Giustizia: violenza minorile… l’Italia non ratifica la convenzione sugli abusi sessuali

di Patrizio Gonnella, Italia Oggi, 22 maggio 2010

Gli abusi sessuali nei confronti dei minori, le discriminazioni razziali che coinvolgono i bambini, le violenze giovanili sono al centro della prima conferenza internazionale per un’azione strategica contro la violenza nei confronti dei bambini che si tiene oggi e domani a Vienna. I soggetti promotori sono il Consiglio d’Europa e l’Ufficio del rappresentante speciale del Segretario generale delle Nazioni Unite sulla violenza contro i bambini.
Saranno altresì presenti i rappresentanti di varie organizzazioni internazionali nonché dei governi dei paesi membri del Consiglio di Europa. Era il novembre del 2009 quando il Comitato dei Ministri adottò con una propria Raccomandazione le linee guida rivolte ai 47 Stati aderenti e contenenti le strategie nazionali integrate utili a proteggere i minori da ogni tipo di violenze.
Le linee guida sono state formulate dopo un lungo lavoro di raccolta di dati legislativi e statistici realizzato su scala nazionale. Esse includono informazioni e indicazioni utili a: rafforzare l’azione nazionale e locale per prevenire e rispondere alla violenza contro i bambini; vietare qualsiasi forma di violenza, compresa quella tra le mura domestiche; sviluppare e attuare un sistema di raccolta e ricerca sistematica di dati sui comportamenti violenti nei confronti dei bambini.

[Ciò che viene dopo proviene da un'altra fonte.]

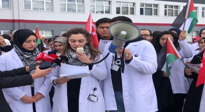 Basın açıklamasını okuyan Radyoloji Bölümü Araştırma Görevlisi Melek Sevda Ateş, “Aynı gökyüzünün altında nefes alan, dünyanın dört bir yanındaki vicdan sahibi insanlar; ortak bir amaç uğruna zulme karşı seslerini yükseltiyor ve Gazze’deki katliama karşı tepkilerini ortaya koyuyorlar. Bugün burada, insan olmak ve insan olarak kalabilmek için, kısacası insanlık adına bir araya geldik ve birbirimizle el ele verdik. Ruh dünyamızı felç eden, hepimizin gözleri önünde yaşanan bu barbarlığın muhatabı olan masum Gazze Halkı’nın bizi vicdana çağıran çığlıklarını duyurmak için buradayız. Ne yazık ki Siyonist İsrail hükümetinin Gazze’deki katliamları yeni değil, tam 75 yıldır devam etmektedir. İşgalci İsrail Hükümeti 7 Ekim’den beri, 'kendini savunma' propagandası aldı altında Gazze’de her türlü savaş suçunu işlemekte ve bir soykırım gerçekleştirmektedir. Bugün bu soykırımın 49. günündeyiz; son verilere göre tam 14 bin 128 savunmasız sivil öldürülmüştür, ölenlerin 5 binini çocuklar oluşturmaktadır. 20 Kasım Dünya Çocuk Hakları Günü’nde Gazze’deki binlerce masum çocuğun, en temel hakkı olan yaşama hakkı ellerinden alınmıştır; 20 Kasım artık dünya utanç günüdür. UNICEF’in verilerine göre 800 binden fazla çocuk ve 1 milyon 700 bin Gazzeli vatanlarından tehcir edilmiştir. Saldırılar neticesinde, cenazeleri sokakta veya enkaz altında kalan 4 bin 500’ü kadın ve çocuk olmak üzere 6 bin 800 kişi kayıptır” dedi.

Un ruolo di primo piano è stato finora ricoperto da Italia, Norvegia, Portogallo e Romania per una prima analisi qualitativa, giuridica e istituzionale delle politiche realizzate a livello nazionale. Alla conferenza austriaca, dove si verificherà lo stato di adeguamento dei paesi europei alle linee guida adottate meno di un anno fa, tra gli altri è previsto che intervengano Maud de Boer-Buquicchio, vice segretario generale del Consiglio d’Europa, Marta Santos Pais, rappresentante speciale del Segretario generale delle Nazioni Unite sulla violenza contro i bambini e Paulo Sérgio Pinheiro, commissario e relatore sui diritti dei bambini della Commissione interamericana per i diritti umani che opera nell’ambito dell’Organizzazione degli Stati americani.

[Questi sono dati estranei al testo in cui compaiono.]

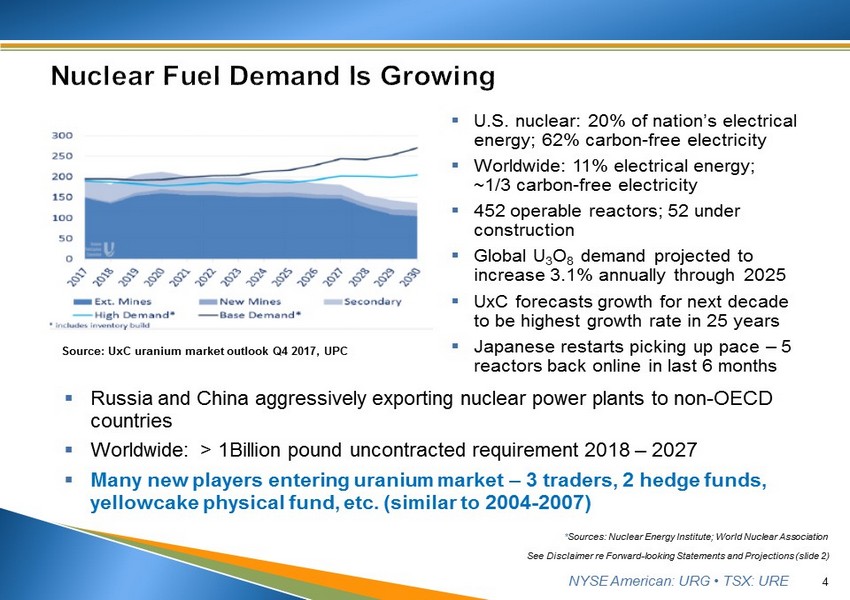 NYSE American: URG • TSX: URE 3 See Disclaimer re Forward - looking Statements and Projections (slide 2) ▪ Lost Creek ISR Uranium Facility • 5 years of consistent production Initiated MU2 production in 2017 Q3 • Controlled production at market - appropriate levels • Produced ~2.55M lbs. U 3 0 8 through 2018 Q2 • Lowest - cost producer among publicly - traded companies ▪ Forging a path forward for the U.S. domestic uranium industry • Determination and remedy on Section 232 investigation into effects of uranium imports on national security could dramatically affect the future of U.S. uranium production • URG has maintained operational readiness to react to changing market fundamentals ▪ Operational leverage facilitated through continued production and strategic use of sales agreements • Providing consistency of cashflow - producing best profit margins • Balancing purchased and produced pounds for delivery

Il tema della violenza nei confronti dei minori si collega tragicamente a quello dello sfruttamento sessuale. Il primo luglio del 2010 entrerà in vigore la Convenzione europea sulla protezione dei bambini dallo sfruttamento e dalla violenza sessuale. Erano sufficienti cinque ratifiche per la sua vigenza. Con la ratifica di San Marino è stato raggiunto il numero minimo di ratifiche. Gli altri quattro stati che l’hanno prontamente ratificata sono Albania, Danimarca, Grecia e Olanda. L’Italia l’ha firmata nel luglio del 2007, così come altri trentasette Paesi, ma tarda a ratificarla. Purtroppo capita spesso con le convenzioni sui diritti umani. Non viene assicurata loro priorità nell’agenda parlamentare.
Il Trattato rappresenta un passo significativo in avanti in termini di prevenzione, protezione e cooperazione internazionale. Sono previste misure per favorire il contrasto sovra-nazionale alla pornografia on-line e al triste fenomeno del “grooming” (adulti che cercano di entrare in contatto con bambini o adolescenti a scopi sessuali attraverso, ad esempio, le chat rooms). Anche di questo, ossia della difficoltà a rendere rapida e efficiente l’entrata in vigore della Convenzione, si parlerà nell’assise viennese. Nel 2011 saranno passati vent’anni dalla ratifica italiana della Convenzione Onu sui diritti dell’infanzia. Un buon modo per onorare la ricorrenza potrebbe essere quello di annunciare a Vienna una rapida ratifica della convenzione europea.